Key words three-dimensional cyclic scaffolds - bioisosteres - radical multicomponent carboamination
- density functional theory - propellanes - bicyclopentanes
1
Introduction
Junichiro Kanazawa (Left) received his B.Sc. in 2011 and his M.Sc. in 2013 from the University of Tokyo
under the direction of Professor Masanobu Uchiyama. He has worked as a medicinal chemist
at Japan Tobacco Inc. since 2013 and has been a visiting researcher at RIKEN since
2015. He received his Ph.D. in 2018 from the University of Tokyo under the direction
of Professor Masanobu Uchiyama.
Masanobu Uchiyama (Right) received his B.Sc. from Tohoku University in 1993 and his M.Sc. from the
University of Tokyo in 1995. He was appointed as an assistant professor at Tohoku
University in 1995 and then received his Ph.D. from the University of Tokyo in 1998.

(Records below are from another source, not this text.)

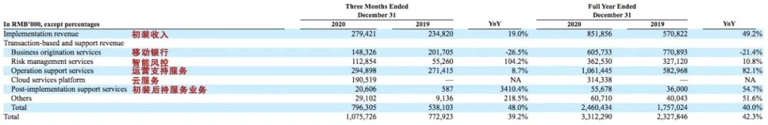 交易運營收入則是除完成平臺建設(shè)外,還繼續(xù)為客戶提供技術(shù)支持和運營服務(wù),具體包括——移動銀行、智能風(fēng)控、運營支持服務(wù)、初裝后持服務(wù)業(yè)務(wù),以及云服務(wù)。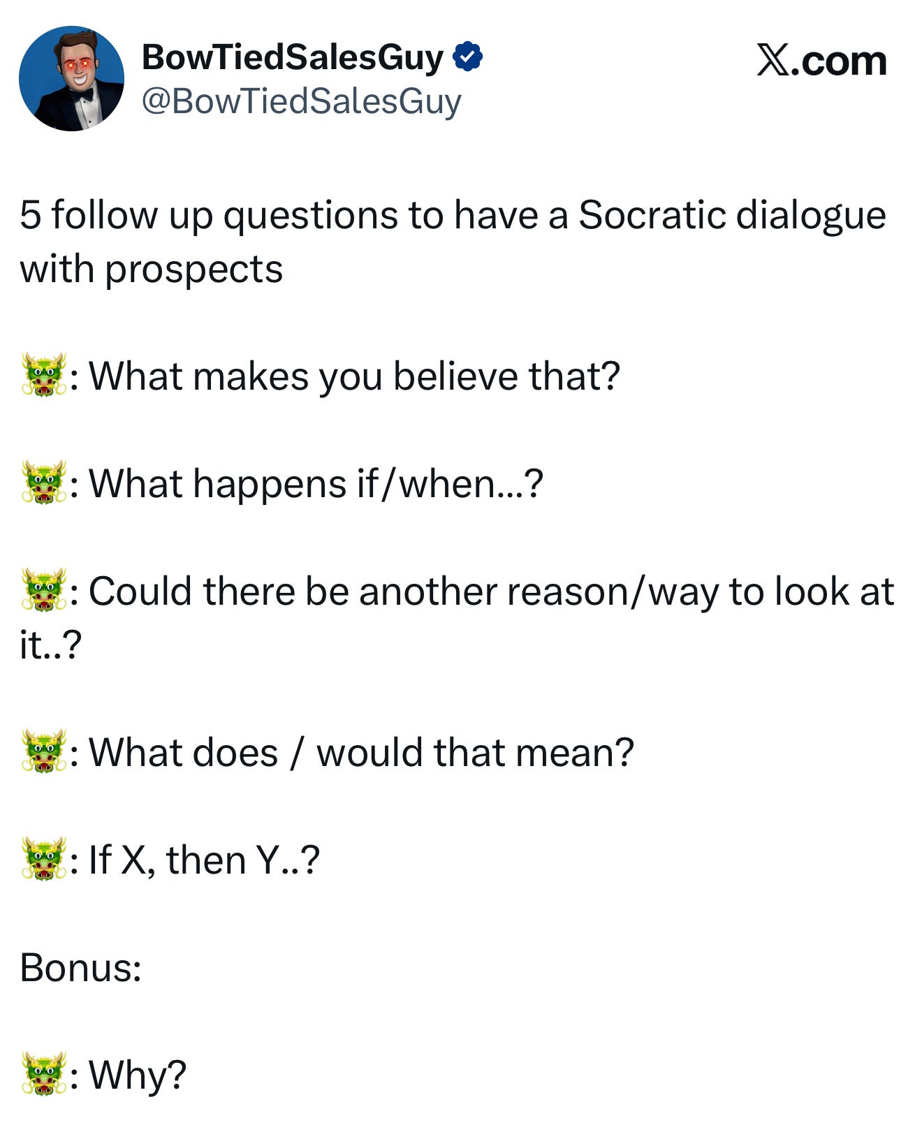 However, Socratic Questioning alone may not be enough. Not every prospect wants to play “21 questions” with you and sometimes you need to be more direct.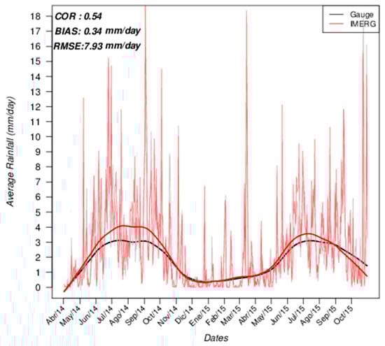 In Figure 6 the average daily rainfall for the whole study period is presented. Average values were calculated using all meteorological stations. The thick red and black lines resulted from smoothing raw IMERG and gauge average daily rainfall respectively so that trends can be easily analyzed. The smoothing procedure consists of applying locally weighted regression to scattered data [23]. In this figure, the dry and wet seasons during the study period can be easily noted. During the dry season (November to April [9]) average daily rainfall falls under 1 mm (see trend lines) and reaches higher values during the wet season. It is also shown that IMERG better represents the daily precipitation in the dry season and during the wet season IMERG mostly overestimates gauge data. Moreover, average daily rainfall values can reach over 18 mm/day during extreme precipitation events.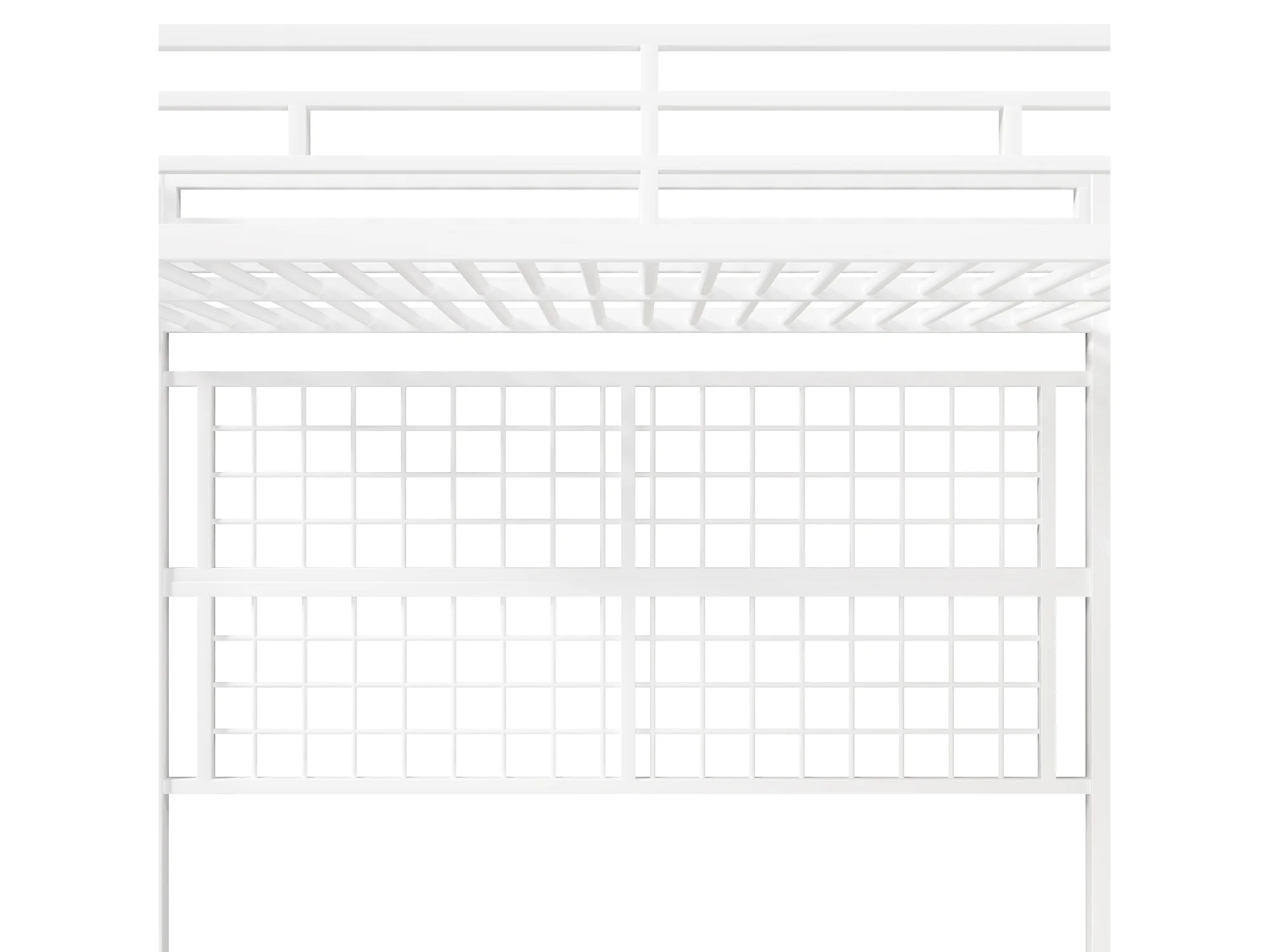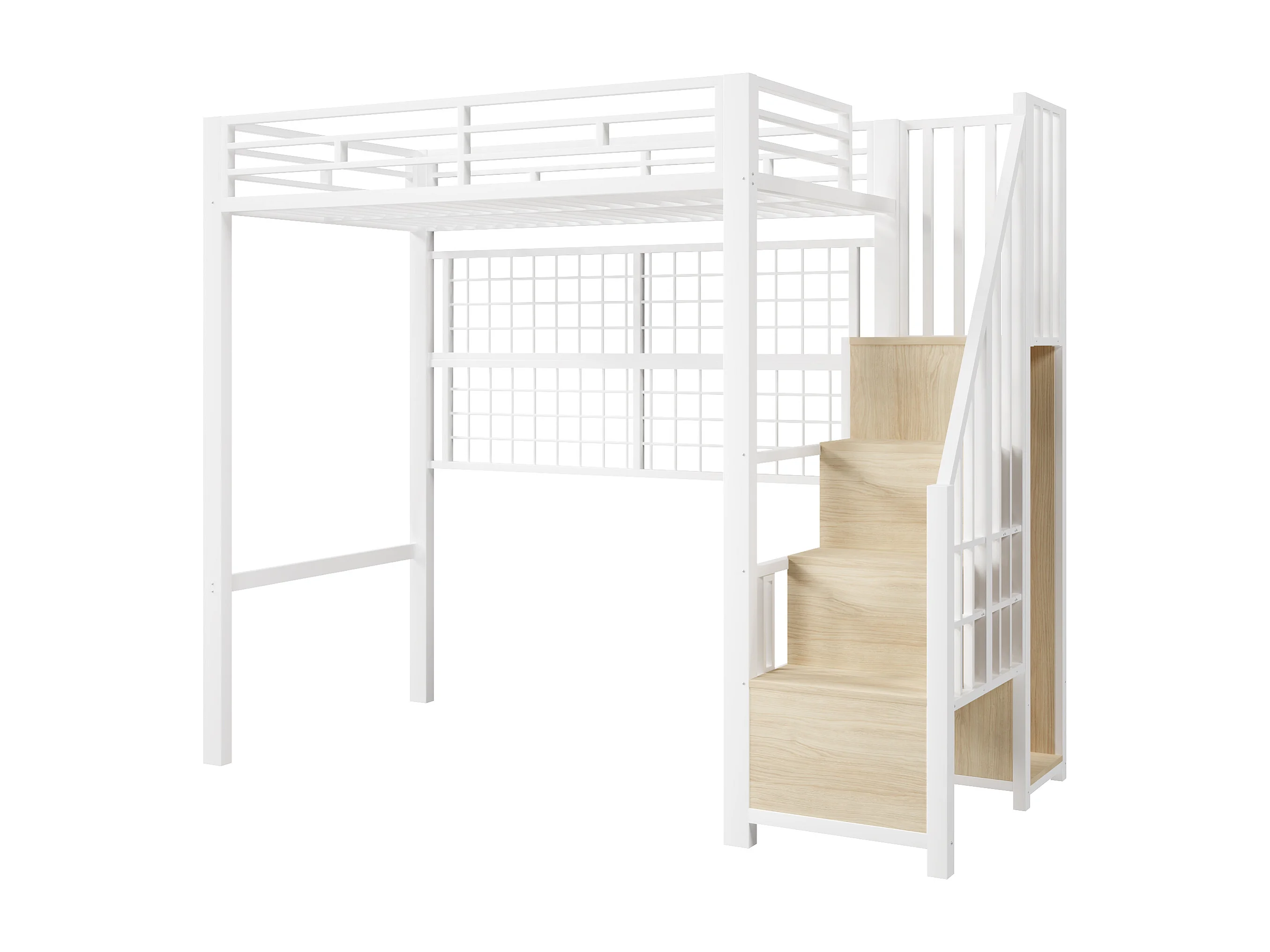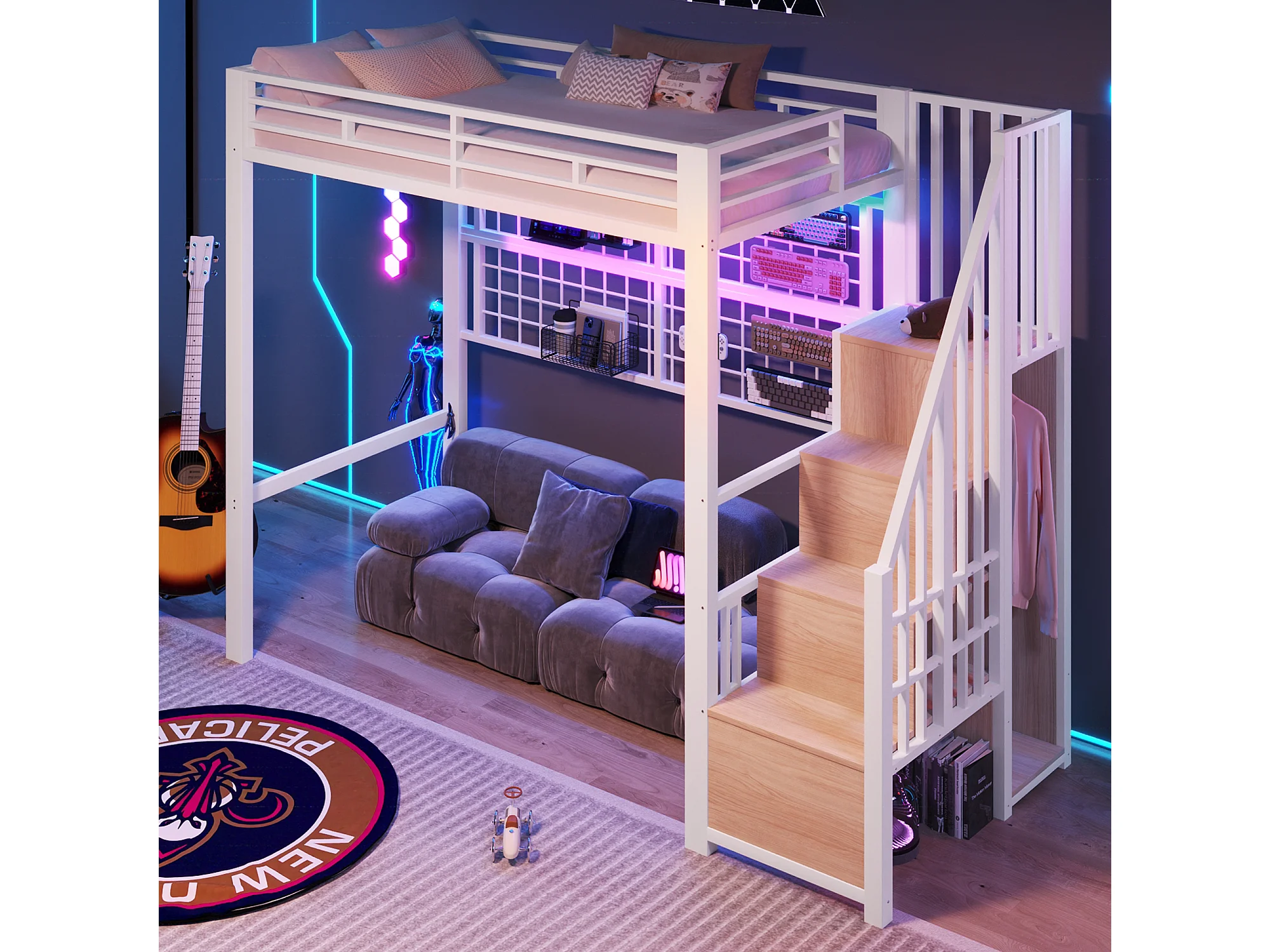 Hochbett mit Eisenrahmen – 90 x 200 cm – mit Kleiderschrank, Leiter mit Stauraum und LED-Beleuchtung – Metall + MDF – weiß

He moved to the Graduate School of Pharmaceutical Sciences, the University of Tokyo,
as an assistant professor in 2001, and was promoted to lecturer in 2003. He was appointed
as an associate chief scientist at RIKEN in 2006. He has been a professor at the University
of Tokyo since 2010 and chief scientist at RIKEN since 2013 (joint appointment).

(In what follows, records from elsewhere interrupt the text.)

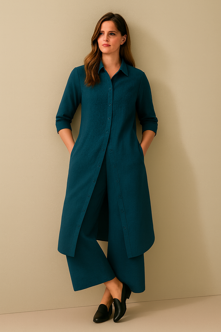 - A long front button-down shirt dress (kurta style), paired with loose pants.
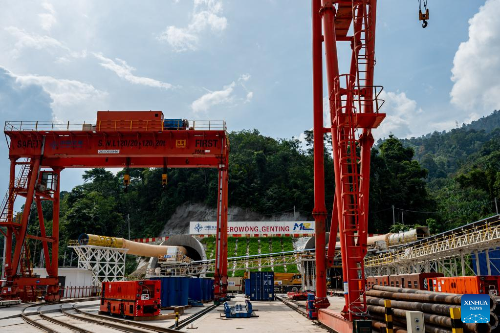 This photo taken on Dec. 29, 2022 shows the construction site of the Genting tunnel of the East Coast Rail Link (ECRL) near Bentong in Pahang state, Malaysia. (Xinhua/Zhu Wei)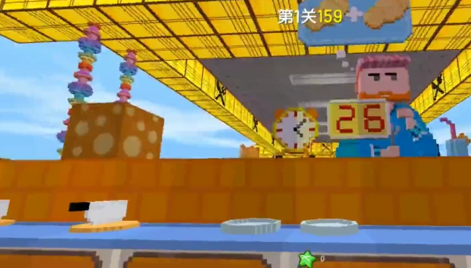 然后再把土豆放在盘子里,最后端到传送带上。伴随着棕色胡子大叔头上的两个土豆变成了两个对号,他也露出了满意的表情。紧接着又来了一个大叔想吃牛排,这牛排可是好东西,但是这怎么没法切呢?难不成要直接放在盘子里给客人吗?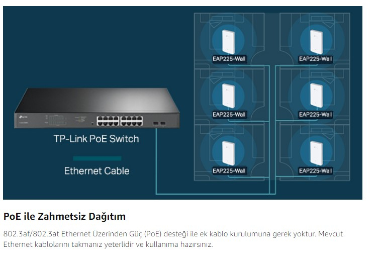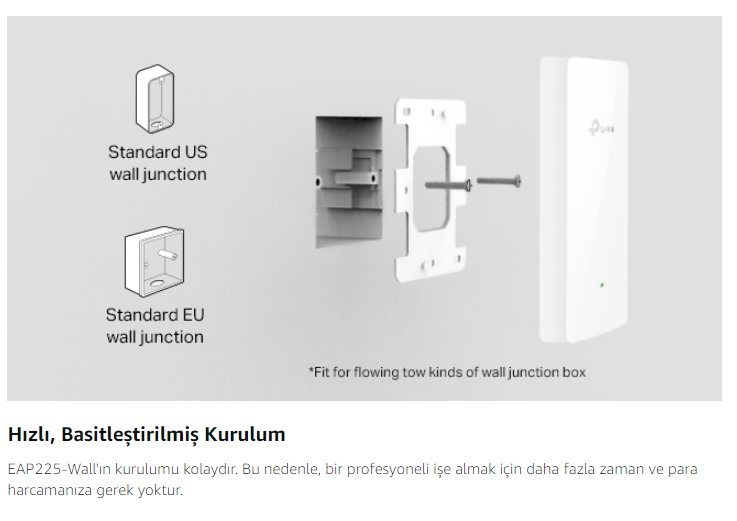 Tp-Link 1200Mbps Çift Bant Gigabit Duvar Tipi Access Point EAP225-WALL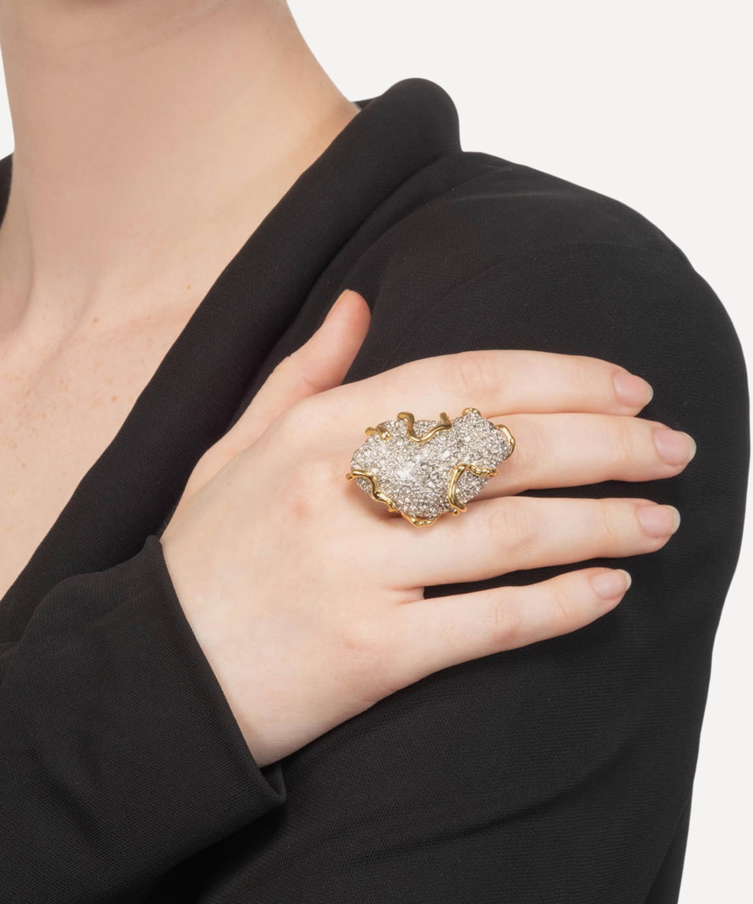 Exemplifying the brand’s bold and artistic aesthetic, it’s crafted from 14ct gold-plated brass, featuring a split, double band with molten metalwork that twists and sprawls over a large pebble covered in a sparkling crystal pavé – reminiscent of a natural geode. Uniting vintage glamour with a sculpted modern refinement, style it as a solo piece or pair with other cocktail rings and stacking bands.

A century after the synthesis of aspirin, the first artificial synthetic medicine,
an enormous range of pharmaceutical drugs is now available. Even today, many newly
approved drugs are small-molecule compounds that can be taken orally and can be produced
at low cost.[1 ] However, compared with biopharmaceuticals, small-molecule drugs carry higher risks
of toxicity due to their nonspecific interactions with off-target proteins. Because
unexpected toxicities are a major reason for discontinuations of drug development,[2 ] great efforts have been made to analyze structural factors associated with toxicity.
For example, statistical analyses indicate that as the number of aromatic ring structures
is increased above three, various risks related to toxicity, such as target promiscuity
or inhibition of the potassium-ion channel hERG, tend to increase. Moreover, important
properties for orally available drugs, such as their aqueous solubility, passive permeability,
and melting point, also tend to get worse.[3 ] On the other hand, an increased three-dimensional character of compounds, as measured
by Fsp3 (the ratio of the number of sp3 -hybridized carbons to the total carbon count) has been found to be associated with
a reduced risk of toxicity, as measured in terms of promiscuity in a panel of assays,
especially for aminergic compounds.[3c ] These analytical results therefore suggest that drug development is more likely
to be successful for compounds having a small number of aromatic rings and a more-three-dimensional
structure.
For these reasons, the importance of three-dimensional cyclic scaffolds in modern
medicinal chemistry is increasing.[4 ] For example, bicyclo[1.1.1]pentane (BCP; 1 ) was utilized as a bioisostere for a 1,4-disubstituted phenyl ring in the mGluR1
antagonists developed by Pellicciari et al. in 1996 (Figure [1 ]B).[5a ] Then, in 2012, Stepan et al. showed that BCP can be more broadly employed as a high-value
bioisostere to improve aqueous solubility, permeability, metabolic stability, and
other properties.[5b ] Subsequently, additional advantages of converting a 1,4-disubstituted phenyl moiety
into a BCP,[5c ]
[d ]
[e ]
[f ] such as decreased nonspecific binding,[5d ] have been discovered. BCP has been also established as a high-value bioisostere
for the tert -butyl group or for an internal alkyne (Figures [1 ]C and 1D).[6 ]
[7 ]
Figure 1 (A) BCP as a bioisostere for various groups. Examples include (B) a 1,4-disubstituted
phenyl ring, (C) a tert -butyl group, and (D) an internal alkyne.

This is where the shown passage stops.